Dataset items
Start of Block
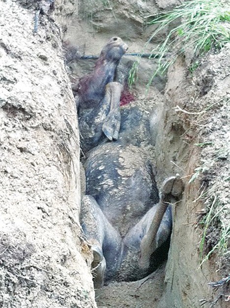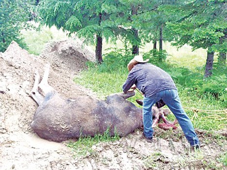 When he was found in the water line trench on Russ and Kathy Wilson's property on Bull Lake Road, it took several hours for excavators to get the wedged animal out.
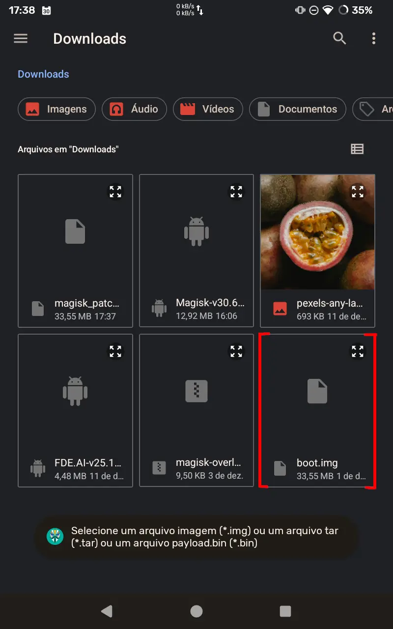 7. Localize no seu tablet e selecione o arquivo de imagem "boot.img", que havia sido copiado do computador.
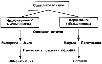 Дальнейшие исследования феномена конформности привели к выводу о том, что давление на индивида может оказывать не только большинство группы, но и меньшинство. Соответственно М.Дойчем и Г.Джерардом были выделены два вида группового влияния: нормативное (когда давление оказывает большинство, и его мнение воспринимается членом группы как норма) и информационное (когда давление оказывает меньшинство, и член группы рассматривает его мнение лишь как информацию, на основе которой он должен сам осуществить свой выбор) (рис. 12).Таким образом, проблема влияния большинства и меньшинства, проанализированная С.Московичи, имеет большое значение и в контексте малой группы.
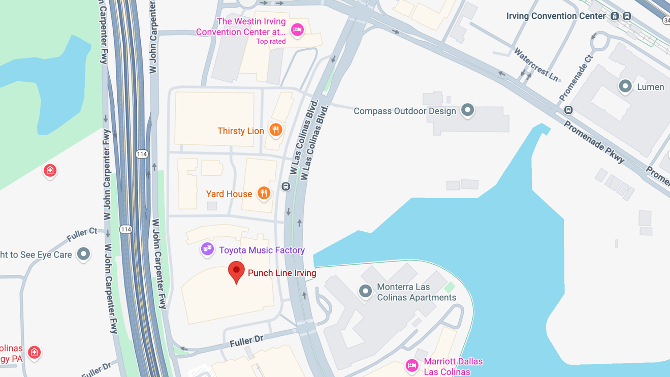 Punch Line Irving is located at: 310 W Las Colinas Blvd., Suite 130 Irving, TX 75039
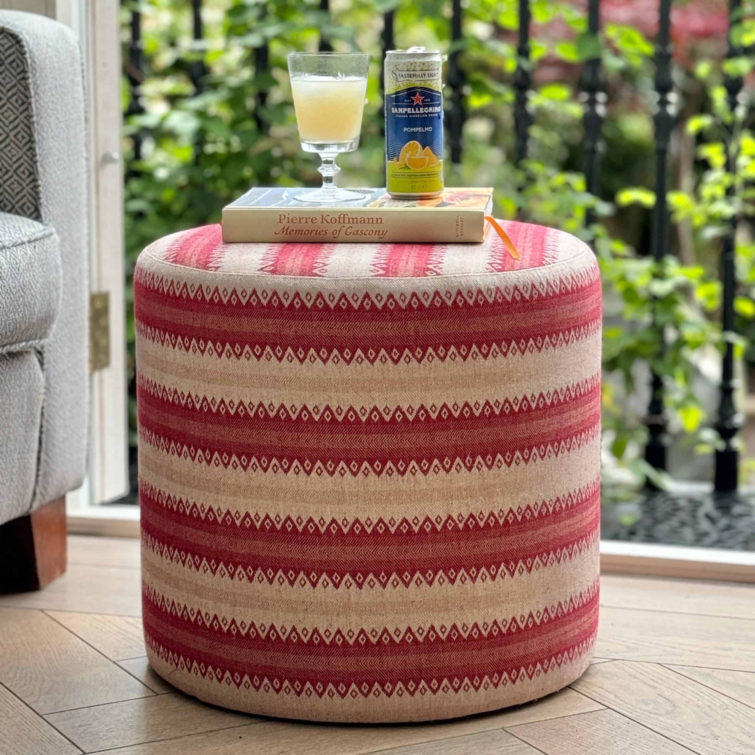 Our pouffes are perfect for extra seating; pulled around the fireplace or ottoman when the house is full, or as a side table with a book or tray.
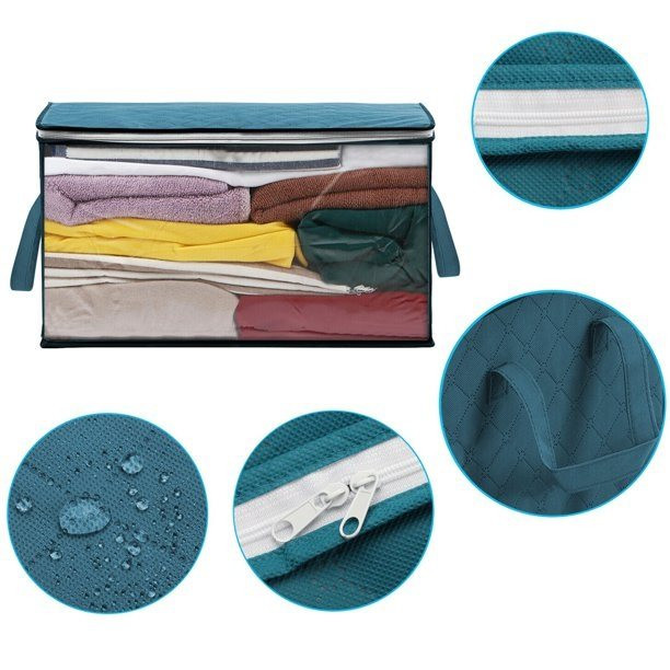 باکس لباس مادام کوکو از جنس پارچه پلی استر 4 لایه ضد آب ضخیم و طلق شفاف ساخته شده و طول آن 60 عرض 39 و ارتفاع 33 سانتیمتر است که میتوانید انواع رختخواب , لباس و پتو را در آن جای دهید. همچنین دارای درب زیپ دار جهت جلوگیری از نفوذ گرد وغبار و حشرات می باشد که قابلیت شستشو با دست و ماشین لباسشویی را دارد.
End of Block
### What you should do
An exact copy of the lines from the one with "Punch Line Irving" through the end of the entries above, both included, is the whole answer. It contains no pictures.

### Answer for the task
 Punch Line Irving is located at: 310 W Las Colinas Blvd., Suite 130 Irving, TX 75039
 Our pouffes are perfect for extra seating; pulled around the fireplace or ottoman when the house is full, or as a side table with a book or tray.
 باکس لباس مادام کوکو از جنس پارچه پلی استر 4 لایه ضد آب ضخیم و طلق شفاف ساخته شده و طول آن 60 عرض 39 و ارتفاع 33 سانتیمتر است که میتوانید انواع رختخواب , لباس و پتو را در آن جای دهید. همچنین دارای درب زیپ دار جهت جلوگیری از نفوذ گرد وغبار و حشرات می باشد که قابلیت شستشو با دست و ماشین لباسشویی را دارد.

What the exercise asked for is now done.